California’s Hepatitis A Outbreak and the Importance of Bathrooms

Access to safe and clean bathrooms is important for several reasons, one of which is disease prevention. Lack of access to safe and clean bathrooms is a major reason the hepatitis A outbreak in California has been quick to spread and hard to halt.

Hepatitis A is a liver disease transmitted through ingestion of contaminated food and water or through direct contact with an infectious person, according to the WHO. The risk of hepatitis A is strongly associated with lack of safe water, and poor sanitation and hygiene.  Although California’s hepatitis A outbreak has been linked to the transient homeless population, according to the WHO the virus is also “one of the most frequent causes of foodborne infection.” So nothing is safe, as usual.

As of November 10, San Diego had reported 546 cases of the disease and 20 deaths. There are signs the outbreak is slowing and efforts to vaccinate the homeless population against hepatitis A are proving effective. According to The San Diego Tribune:

Last week…local health providers forwarded only eight possible hepatitis A cases to the health department for further investigation. There have been no new deaths, leaving the outbreak total at 20 for the second straight week.

It’s the lowest weekly new case total since the outbreak began, eventually launching a vast, multmilllion-dollar campaign to improve sanitation and housing conditions for the homeless.

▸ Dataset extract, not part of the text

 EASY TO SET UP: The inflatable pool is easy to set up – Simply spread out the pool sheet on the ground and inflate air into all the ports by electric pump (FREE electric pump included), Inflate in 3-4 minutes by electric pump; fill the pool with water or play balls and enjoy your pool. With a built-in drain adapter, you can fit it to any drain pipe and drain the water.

What could still go wrong? The physician noted that the outbreak could still jump into another demographic population such as gay men who are considered at an elevated risk of hepatitis A infection. Because the virus’s incubation period can last up to 50 days, there is still a chance, he added, that an infected person could have exposed a large number of people who simply have not started to show symptoms yet.

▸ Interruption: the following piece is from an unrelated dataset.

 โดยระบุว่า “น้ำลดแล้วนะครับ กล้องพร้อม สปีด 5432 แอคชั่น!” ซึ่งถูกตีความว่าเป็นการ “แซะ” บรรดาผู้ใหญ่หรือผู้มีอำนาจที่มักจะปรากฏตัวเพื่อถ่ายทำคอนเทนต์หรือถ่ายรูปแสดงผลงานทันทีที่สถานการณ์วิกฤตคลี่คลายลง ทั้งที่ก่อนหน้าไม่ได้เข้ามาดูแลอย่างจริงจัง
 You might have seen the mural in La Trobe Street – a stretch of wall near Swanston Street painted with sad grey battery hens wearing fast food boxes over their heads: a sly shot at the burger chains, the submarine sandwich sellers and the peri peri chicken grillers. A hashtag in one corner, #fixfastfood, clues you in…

In addition to the homeless and drug users, high-risk groups are those with compromised immune systems, existing liver disease and gay men. Public-facing job classifications also recommended for vaccination include food handlers, first responders and health care workers.

 

Another article in The San Diego Tribune notes that the city built a 2 million dollar restroom in 2014, “designed by an artist to invoke “Jonathan Livingston Seagull,” the popular 1970 novella about a seagull who wanted to be special.” While the restroom building looks pretty, many point out that the money could have been better spent on more restrooms to serve the city’s large homeless population, potentially avoiding such a massive outbreak. According to the article:

The city was warned repeatedly as far back as 2000 that human waste on city streets was a problem that threatened public health, and that there was a shortage of 24-hour public restrooms available to the city’s growing homeless population downtown.

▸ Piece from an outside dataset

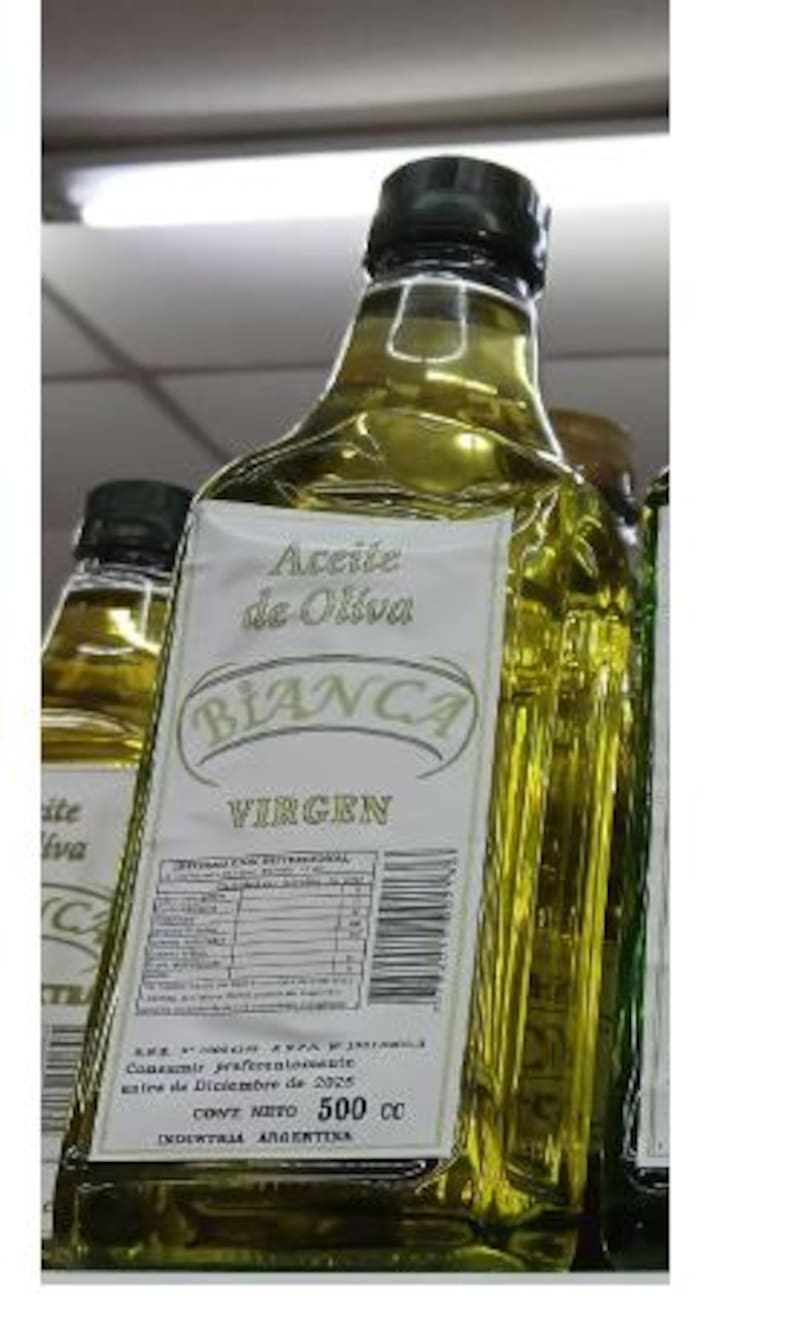 | Aceite de oliva virgen | Bianca | 500 cc. | Diciembre de 2025 | RNE N° 13006315 / RNPA N° 13014203-3 |

In 2005, city officials shot down a grand jury recommendation calling for more toilets to address the shortage. City officials said the facilities could cost up to $250,000 each to buy and install, plus another $65,000 per year to maintain, and the city did not have “the resources to execute a project of this magnitude.”

Based on those cost estimates, the $2 million spent on the seagull-themed restroom could have paid for four such facilities and operated them for 16 years.